Proteomics is an emerging field that holds promise to unravel the complex molecular mechanisms underlying various phenotypes. Advancements in the high-throughput technology of proteomics have enabled a comprehensive exploration of the molecular landscape underlying obesity [6]. Using proteomic markers to understand obesity-related phenotypes and their potential role in the prediction of cardiovascular events remains relatively unexplored. Recent studies have shown that protein risk scores that incorporate proteomic profiles can enhance prediction of adverse cardiovascular events in both primary and secondary event populations, outperforming traditional risk factors [7,8]. Leveraging obesity-associated proteomics improves our understanding of obesity at the molecular level, and thus may enable more precise estimates of adverse cardiovascular outcomes beyond directly measured phenotypes. In our study, we conducted a secondary analysis of existing proteomic data from the UK Biobank to identify proteomic markers and scores associated with obesity-related phenotypes, such as BMI, BFP, and WHR, and assessed the associations and predictive performance of these proteomic scores for incident major adverse cardiovascular events (MACEs).
2. Materials and Methods
The UK Biobank (UKB) is a large-scale biomedical database, with the study design and cohort profile having been described previously [9]. Established in 2006, the UKB recruited approximately half a million participants aged between 40 and 69 years old from the United Kingdom. Participants completed standard questionnaires and provided detailed information about medical conditions, lifestyle, environment, physical measurements, and biological measures. The UKB cohort was linked to Hospital Episode Statistics data for hospital admissions and primary care data, and a death registry included date of death and both primary and secondary causes of death. All first occurrences of disease and cause of death were mapped to the International Classification of Diseases, Tenth Revision (ICD-10), codes [9]. In this study, we conducted a secondary analysis of existing proteomic and phenotypic data made available by the UKB [9]. Proteomic profiling on blood plasma samples was previously performed for 54,219 participants in the UKB using the antibody-based Olink Explore 3072 PEA platform [10]. A total of 2923 distinct proteins were measured [10].

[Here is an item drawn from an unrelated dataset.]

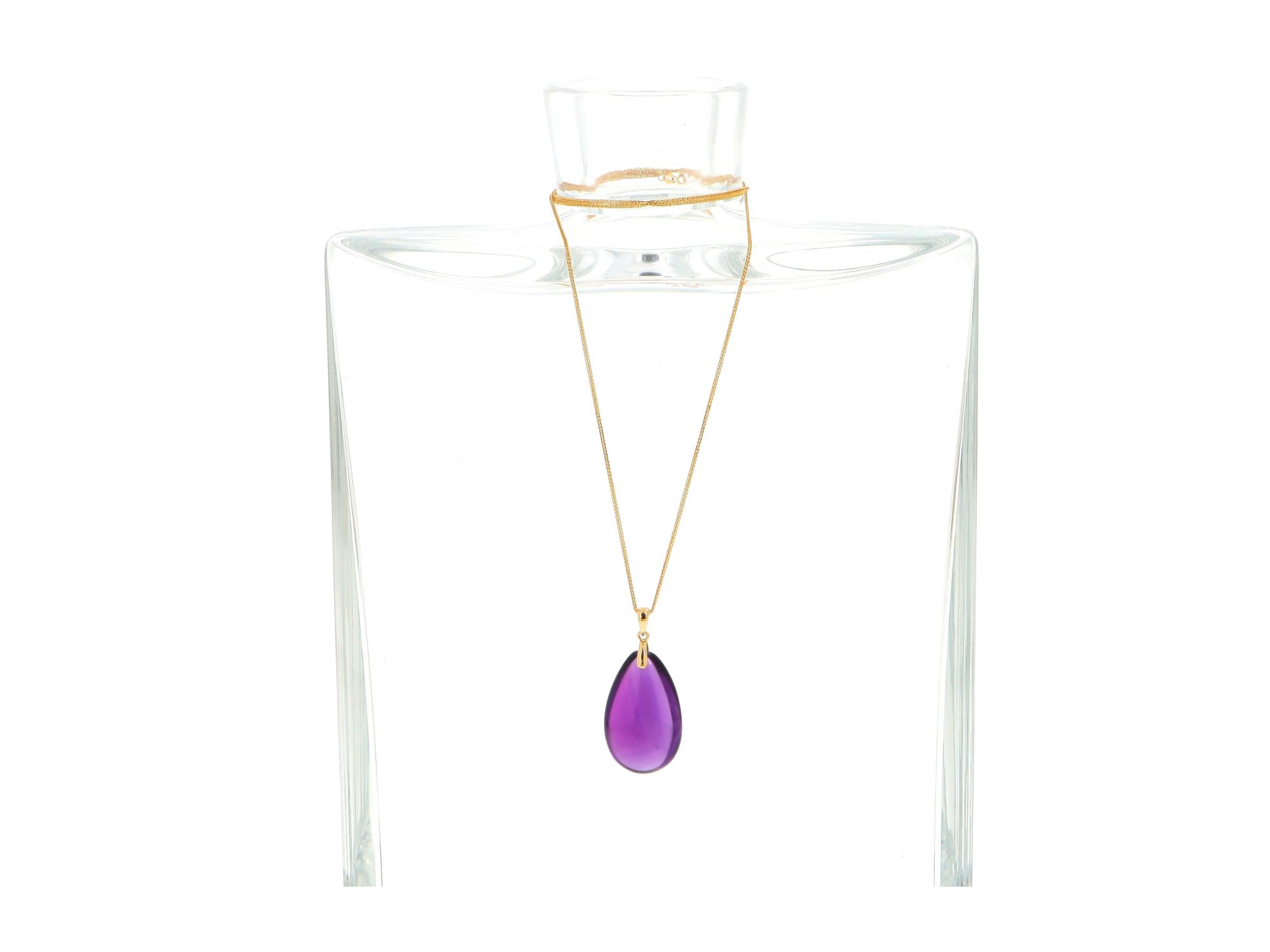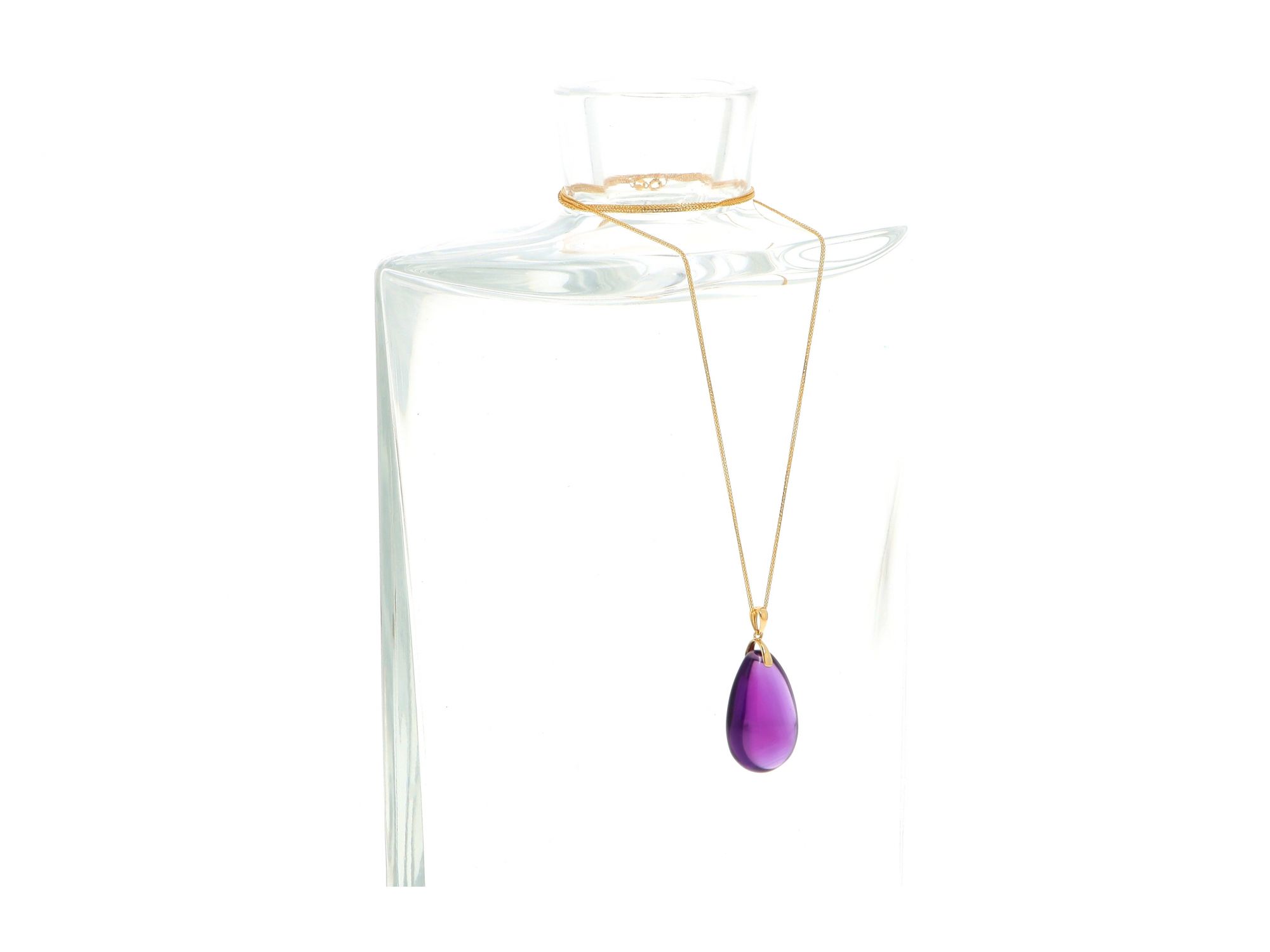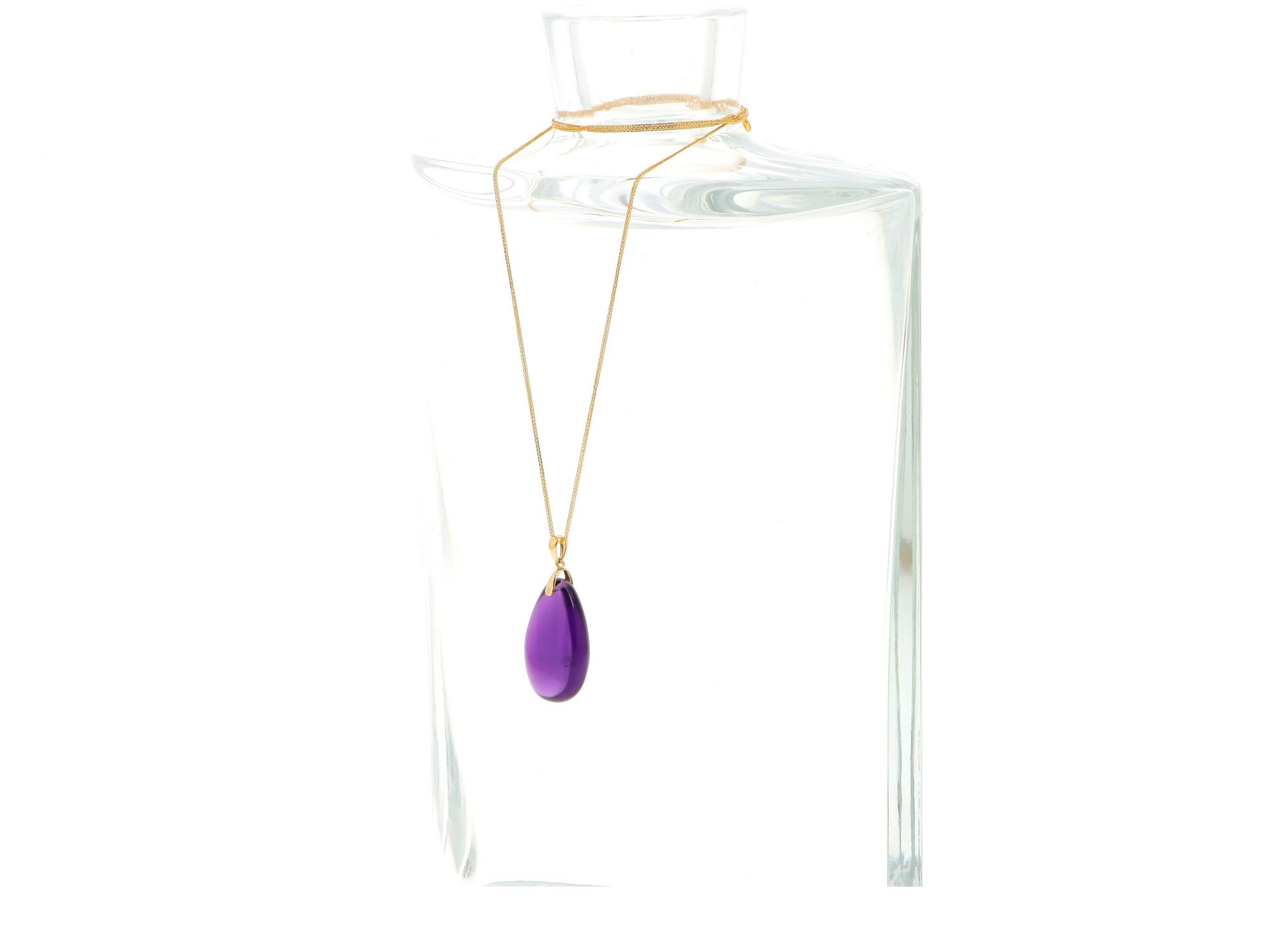 Lote 021 - Fio em Ouro de malha Veneziana e fecho bóia,com pingente decorado com IOLITE LILÁS elaborado em OURO 18 QUILATES. Estado de Conservação: Muito Bom, ligeiros sinais de uso. Contraste: Marca 750. (OURO - ao abrigo do Decreto Lei 120/2017, artigo 3.º, alínea x). Medidas (CxL): 45,7 (2,7*1,5)cm. Peso Total: 4,78gr.

At baseline, demographics and risk factors were collected at enrollment, including age, sex, race and ethnicity, total cholesterol levels, high-density lipoprotein cholesterol (HDL-C) levels, systolic blood pressure, estimated glomerular filtration rate (eGFR) calculated using the 2021 CKD-EPI equation [11], diabetes, smoking status, blood-pressure-lowering medication use, and cholesterol-lowering medication use. Baseline obesity-related phenotypes including BMI, BFP, and WHR were obtained. BFP (%) was measured using the Tanita BC418MA body composition analyzer and was defined as the total mass of fat divided by total body mass, multiplied by 100. WHR was defined as the ratio of waist circumference to hip circumference. Time to MACEs and the subcomponents were defined as the duration from enrollment until the event, loss to follow-up, or the conclusion of follow-up in September 2023. All data were obtained by the UKB study team.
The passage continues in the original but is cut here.